[NVBug: 6038899] Fix MoE export crash on meta tensors with CPU offload by cjluo-nv · Pull Request #1155 · NVIDIA/Model-Optimizer

cjluo-nv · 2026-04-01T16:54:01Z

Summary

Fixes NotImplementedError in sync_moe_gate_up_amax when quantizing MoE models (e.g. Qwen3-30B-A3B) on a single GPU with insufficient VRAM.

When GPU memory is insufficient, ModelOpt enables CPU offload via accelerate, leaving uncalibrated expert parameters on the meta device. During export, sync_moe_gate_up_amax calls torch.equal() on these meta tensors, which raises NotImplementedError because aten::equal does not support meta tensors — even though calibration itself completed successfully.

Changes

Add a guard in sync_moe_gate_up_amax to skip amax sync for meta tensors (which have no real data to sync) and emit a warning explaining the root cause.

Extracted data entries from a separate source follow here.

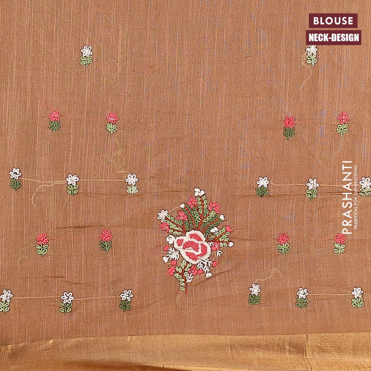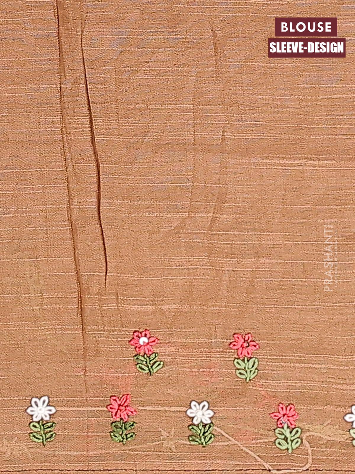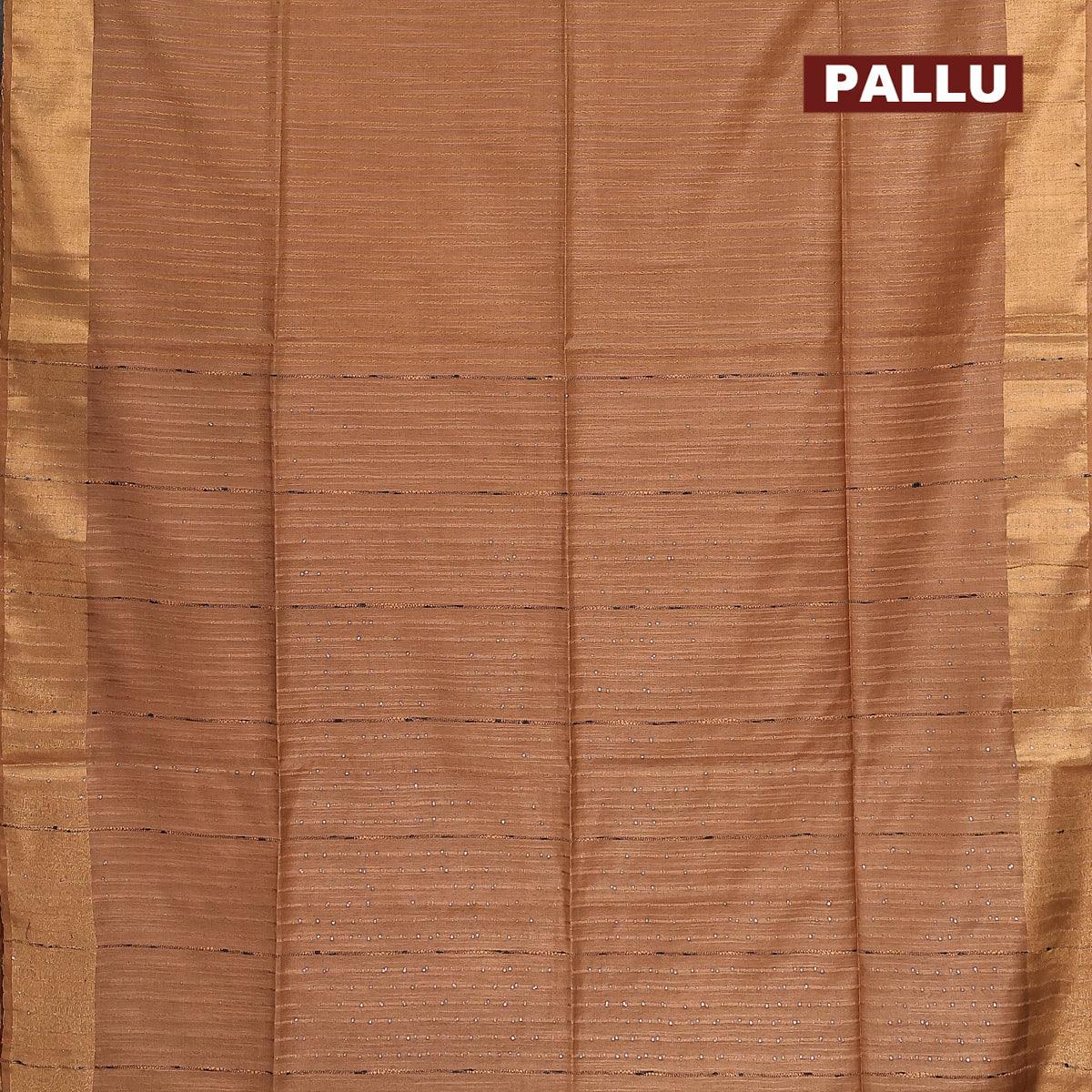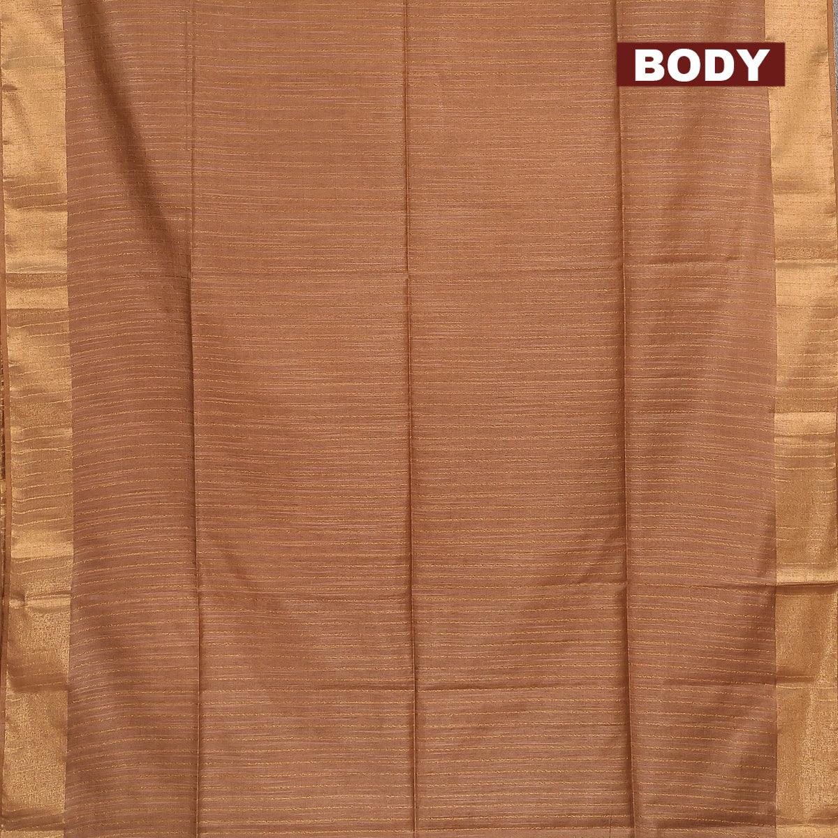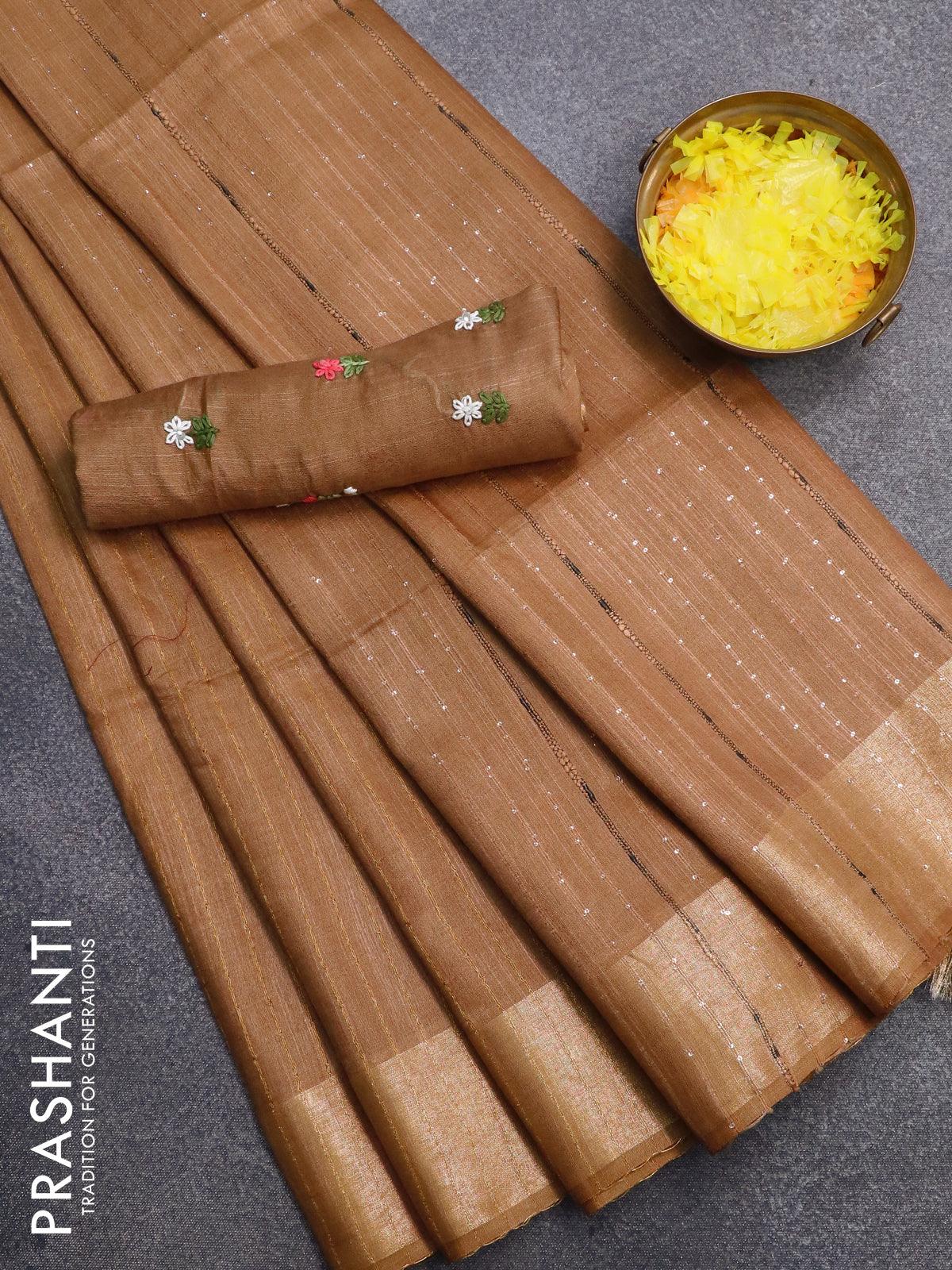 Semi tussar saree dark sandal with allover stripes pattern and seperate embroidery work blouse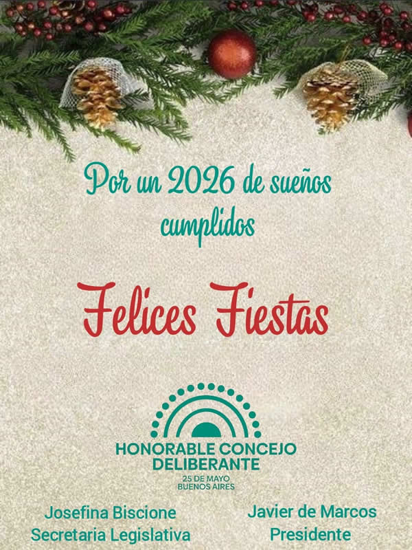 El Honorable Concejo Deliberante de 25 de Mayo convoca a Audiencia Pública a partir del día martes 11 de Noviembre de 2025 hasta el día 13 de Noviembre de 2025 a las 19 hs. a llevarse a cabo en el Honorable Concejo Deliberante, sito en calle 10 y 27 de la ciudad de 25 de Mayo. Con el objeto de conocer la opinión de los vecinos, instituciones y actores vinculados a la organización del Carnaval de 25 de Mayo, respecto de la relocalización del Corsódromo.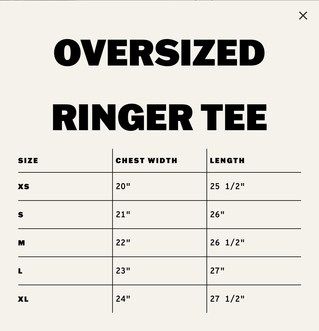 The Oversized Ringer Tee is a slouchy fit and durably designed in our most substantial heavy weight cotton.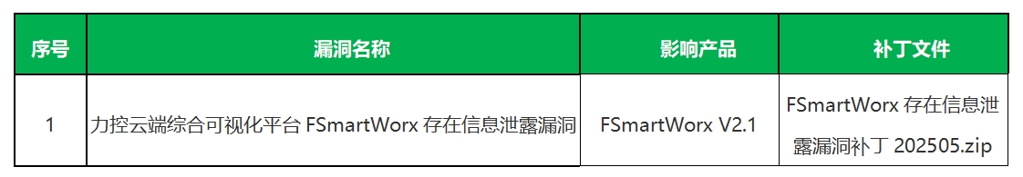 2025年5月28日,國(guó)家信息安全漏洞共享平臺(tái)(CNVD)通報(bào)了我公司產(chǎn)品FSmartWorx的一個(gè)漏洞。現(xiàn)將該漏洞信息公布如下: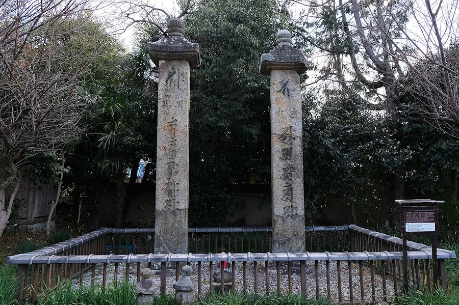 奈良般若寺の重要文化財 笠塔婆。各々阿弥陀三尊と釈迦三尊の梵字を彫り、下部に銘文を刻む。

Bug: https://nvbugspro.nvidia.com/bug/6038899

🤖 Generated with Claude Code

Summary by CodeRabbit

Bug Fixes
- Added warning messages for unsupported tensor configurations in quantization workflows.
- Improved edge case detection to gracefully skip processing in incompatible scenarios.

…nsors Signed-off-by: Chenjie Luo <chenjiel@nvidia.com>

github-actions · 2026-04-01T16:58:18Z

PR Preview Action v1.8.1
🚀 View preview at https://NVIDIA.github.io/Model-Optimizer/pr-preview/pr-1155/
Built to branch `gh-pages` at 2026-04-01 16:58 UTC. Preview will be ready when the GitHub Pages deployment is complete.

coderabbitai · 2026-04-01T17:00:38Z

No actionable comments were generated in the recent review. 🎉

ℹ️ Recent review info

⚙️ Run configuration

Configuration used: Path: .coderabbit.yaml

Review profile: CHILL

Plan: Pro

Run ID: 5d521494-9dbb-4f17-9bf2-fe40cbf579c8

📥 Commits

Reviewing files that changed from the base of the PR and between 09b3c0b and 7b677c5.

📒 Files selected for processing (1)

modelopt/torch/export/layer_utils.py

📝 Walkthrough

Walkthrough

The sync_moe_gate_up_amax function in layer_utils.py now includes detection for meta tensors in gate and up weight quantizer amax attributes. When meta tensors are detected, the function emits a warning and skips that gate/up pair without synchronizing amax values. Existing behavior for non-meta tensors is unchanged.

Changes

Cohort / File(s)	Summary
Meta Tensor Detection `modelopt/torch/export/layer_utils.py`	Added conditional check to detect meta tensors in gate and up quantizer `amax` attributes. When detected, function emits warning message and breaks the processing loop for that pair, leaving non-meta tensor behavior unchanged.

Estimated code review effort

🎯 2 (Simple) | ⏱️ ~8 minutes

🚥 Pre-merge checks | ✅ 4

✅ Passed checks (4 passed)

Check name	Status	Explanation
Description Check	✅ Passed	Check skipped - CodeRabbit’s high-level summary is enabled.
Title check	✅ Passed	The title accurately summarizes the main change: fixing a MoE export crash on meta tensors with CPU offload, which directly corresponds to the changeset's modification to sync_moe_gate_up_amax.
Docstring Coverage	✅ Passed	Docstring coverage is 100.00% which is sufficient. The required threshold is 80.00%.
Security Anti-Patterns	✅ Passed	Pull request adds security guard for meta tensor detection in sync_moe_gate_up_amax function with no anti-pattern violations detected.

_{✏️ Tip: You can configure your own custom pre-merge checks in the settings.}

✨ Finishing Touches

📝 Generate docstrings

Create stacked PR
Commit on current branch

🧪 Generate unit tests (beta)

Create PR with unit tests
Commit unit tests in branch chenjiel/fix_6038899

_{Comment @coderabbitai help to get the list of available commands and usage tips.}

codecov · 2026-04-01T17:06:51Z

Codecov Report

✅ All modified and coverable lines are covered by tests.
✅ Project coverage is 70.21%. Comparing base (c37c74f) to head (7b677c5).
⚠️ Report is 2 commits behind head on main.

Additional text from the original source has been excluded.